Assembly of Catholic bishops

The Bishops' Conference of France (Conférence des évêques de France) (CEF) is the national episcopal conference of the bishops of the Catholic Church in France.

==Presidents==

Presidents of the Assembly of Cardinals and Archbishops of France (1945–1966):

Presidents of the conference:
- 2019 – 2025: Éric de Moulins-Beaufort, Archbishop of Reims
- 2025 – present : Jean-Marc Aveline, Archbishop of Marseille
==Sex abuse==

On November 9, 2019, the large majority of the 120 Bishops who are members of Conference of French Bishops approved a resolution agreeing that every French Catholic Bishop would pay compensation for abuse which took place in the French Catholic Church.

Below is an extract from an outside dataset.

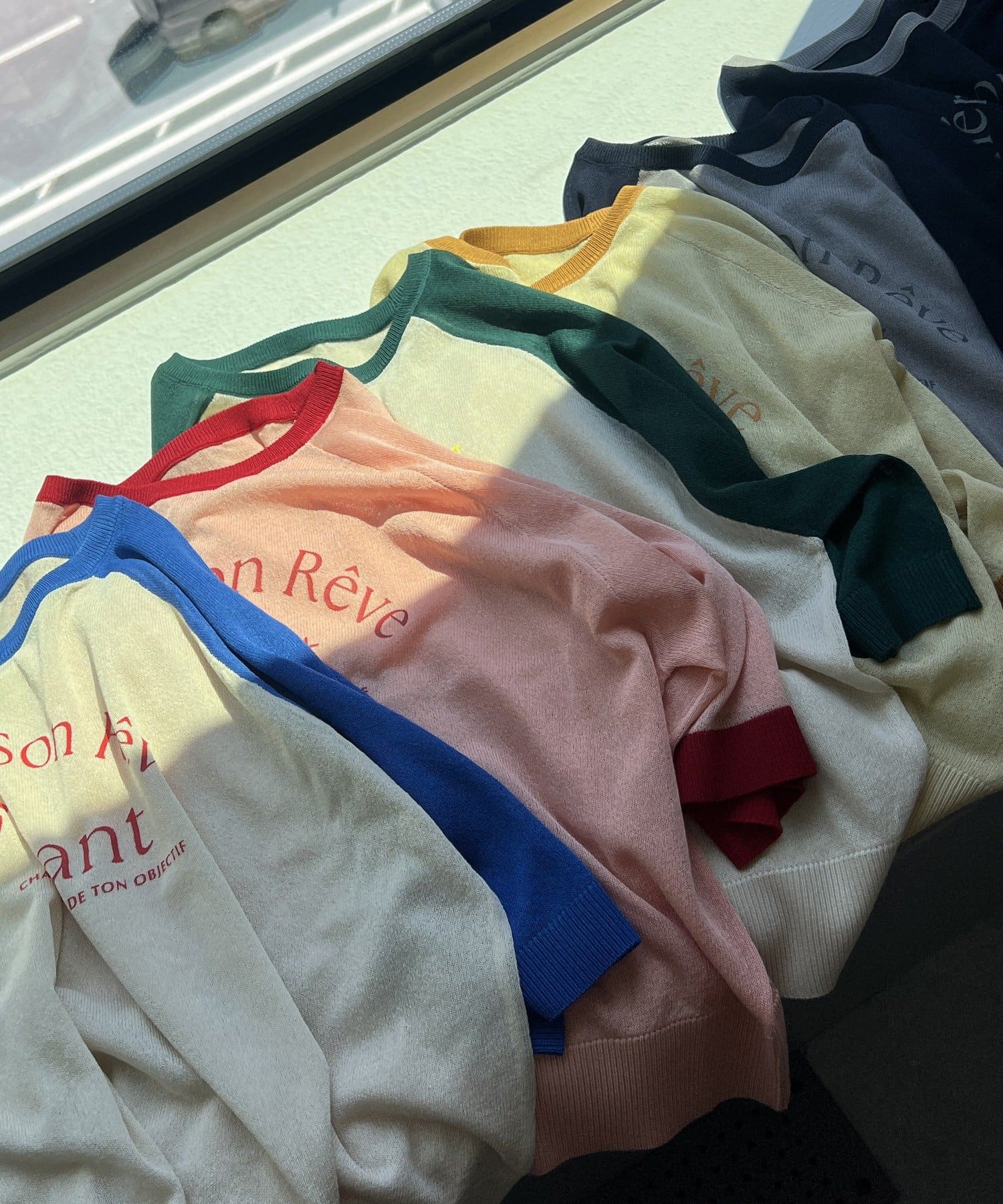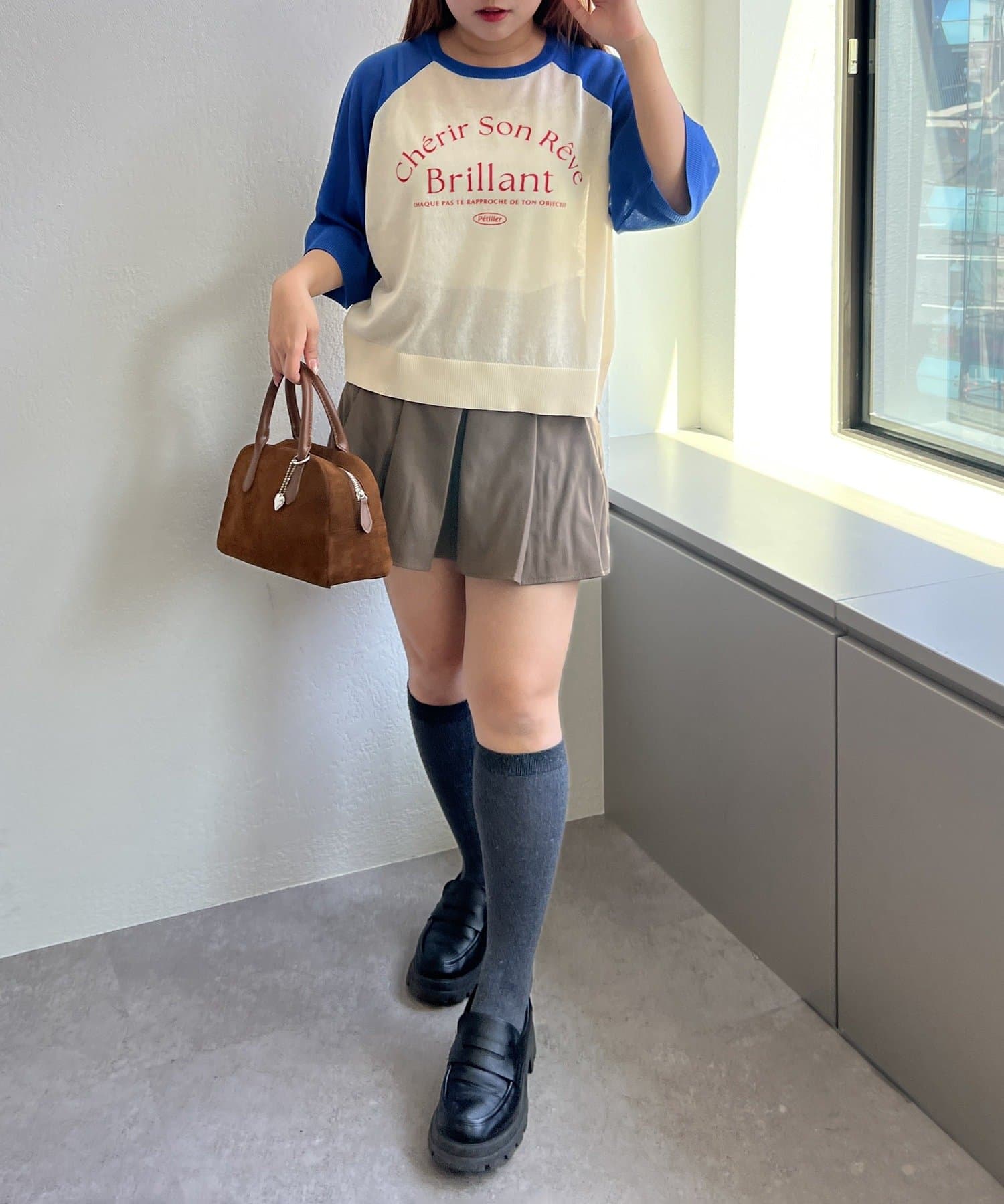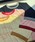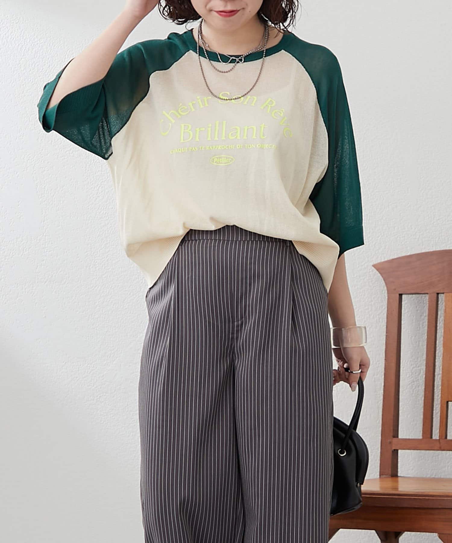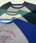 ・配色、ラグランのデザイン違いの展開と主張しすぎないロゴがスタイリングのポイントに。

The size of the payouts was later determined in April 2020.

In June 2019 the bishops set up the Independent Commission on Sexual Abuse in the Church (Commission indépendante sur les abus sexuels dans l'Église, abbreviated CIASE. It was led by the former civil servant Jean-Marc Sauvé. In 2019, the commission stated that 3,000 children in France were sexually abused by Catholic clergy and officials since 1950 and that there was an average of 40 victims per year. In its final report, published on 5 October 2021, the commission concluded that in fact, around 216,000 children had been abused by clergy during this time. When including sexual abuse committed by lay members of the church, such as teachers at Catholic schools, they estimated 330,000 child victims.

After the publication, the archbishop of Reims, Éric de Moulins-Beaufort claimed that Catholic priests were not obliged to report sex abuse confessed to them under confessional secrecy. However, French law states that anyone aware of a sexual crime against a minor must report it to the authorities. Otherwise, they risk heavy fines and imprisonment. French president Emmanuel Macron therefore summoned the archbishop to the ministry of the interior, where interior minister Gérald Darmarin received the cleric "to make sure that things are clear”.